В этом отношении российский план ведения войны, предложенный великим князем Николаем Николаевичем и одобренный Николаем II, совсем не выглядел наивным. Вариант «А» этого плана предполагал лишь проникновение на территорию Австро-Венгрии и закрепление там, а вариант «Г» — нанесение удара по Германии, также с последующим закреплением. И, как нам известно, именно российский план, несмотря на все последующие события, оказался наиболее реалистичным в условиях позиционной войны.

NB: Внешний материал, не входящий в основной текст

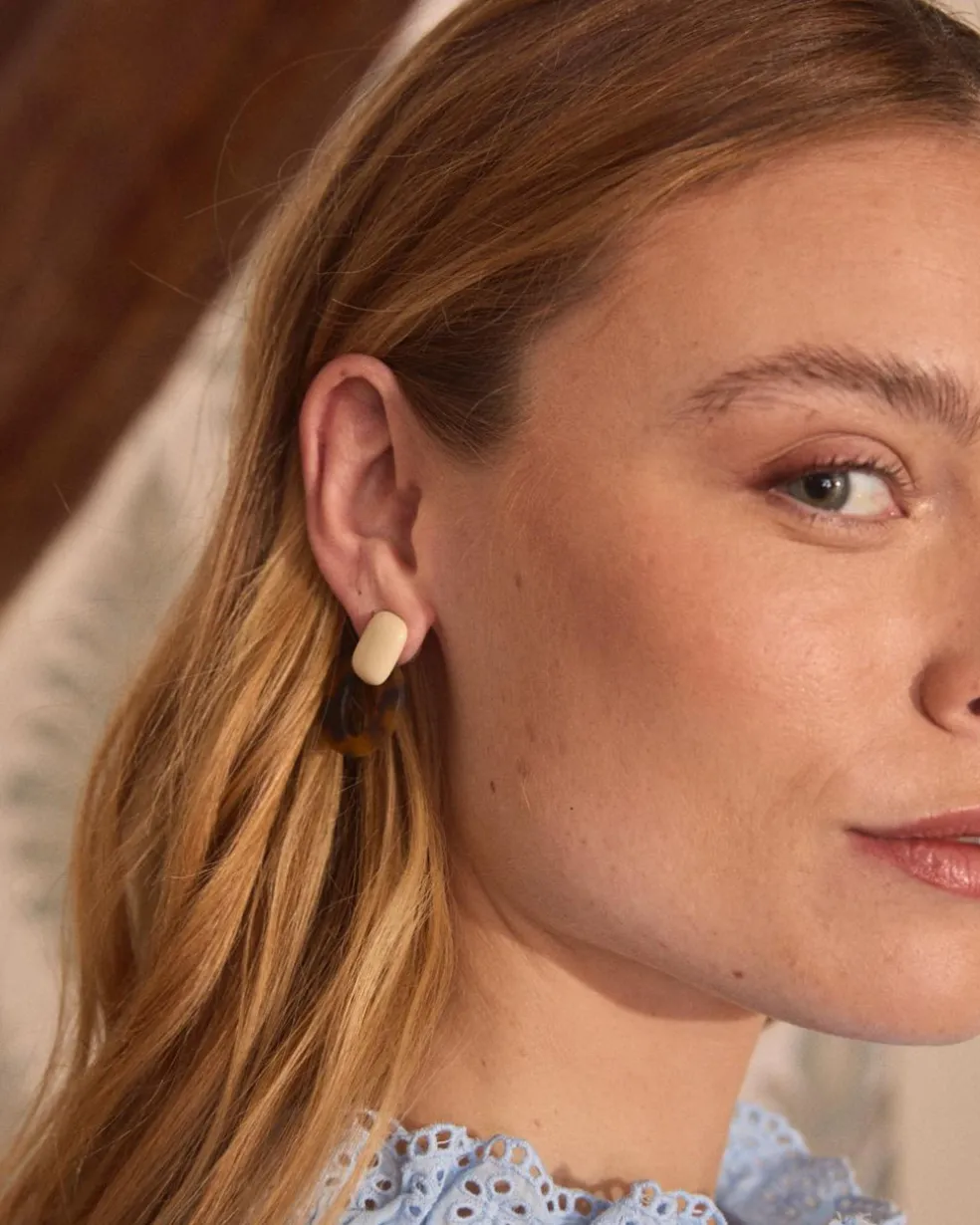 Pendientes de dos piezas con parte superior blanca y parte inferior en carey.

Уже современники, а после и советские историки упрекали Николая II в том, что он для спасения Парижа направил в августе 1914-го две свои лучшие армии в Восточную Пруссию, которые в силу слабого командования оказались затем разгромлены. Но представим себе альтернативное развитие событий: если бы Николай II отказался тогда выполнить свой союзнический долг в таком ограниченном варианте (ведь французское командование настаивало не на ограниченной операции двумя армиями в Пруссии, а на наступлении всеми имеющимися силами на Берлин) и Париж был бы захвачен, а Франция вышла из войны, что ожидало бы Россию в войне с мощным противником? Ответ очевиден: неминуемое поражение либо сразу, либо после длительного отступления. Так являлось ли ошибкой выдвижение в начале войны двух армий в Восточную Пруссию? «В действительности, это было единственно верное решение», — напишет впоследствии один из лучших генералов Первой мировой войны[6].

В начале войны русская армия оказалась недостаточно обеспечена вооружением, что, скорее, явилось условием объявления Германией войны, а не её следствием или просчётом русского командования (Вильгельм II стремился начать войну до выполнения русской военной программы, рассчитанной до 1917 года). Хотя насколько армия была не обеспечена?

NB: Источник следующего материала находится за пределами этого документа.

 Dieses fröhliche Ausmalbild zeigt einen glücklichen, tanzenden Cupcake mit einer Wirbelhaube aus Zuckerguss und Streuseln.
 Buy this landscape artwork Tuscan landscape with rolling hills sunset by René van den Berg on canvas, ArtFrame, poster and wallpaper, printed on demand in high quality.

«Пехота была вооружена хорошо соответствующей винтовкой, но пулеметов было у нее чрезмерно мало, всего по восемь на полк… не было, конечно, бомбометов, минометов и ручных гранат, но их в начале войны не было ни в одной армии. Ограниченность огнестрельных припасов была ужасающей»[7]. В остальном же дела обстояли не так плохо. Возрождённый после Русско-японской войны флот с реформированным управлением (заслуга молодого Александра Колчака — создание морского генштаба) обладал к началу войны возможностями, позволившими ему держать уверенный паритет с противником на Балтийском море и обеспечить господство на море Чёрном (удалось даже заблокировать проливы). Парк русской авиации был больше, чем у любой другой европейской державы, причём только русская авиация обладала бомбардировщиками — у других стран их так и не появилось вплоть до конца войны[8]. К тому же русская армия являлась самой многочисленной (5,5 млн человек).

И нельзя сказать, что другие европейские лидеры вступали в войну подготовленными лучше — боеприпасов не хватало всем, кроме Германии, развязавшей войну. Однако, как нам известно, наилучшая подготовка к войне не позволила Германии даже отчасти реализовать свой оперативный план. Не помогло Германии и вступление в войну Турции — русская армия после первого же сражения вышла на территорию противника.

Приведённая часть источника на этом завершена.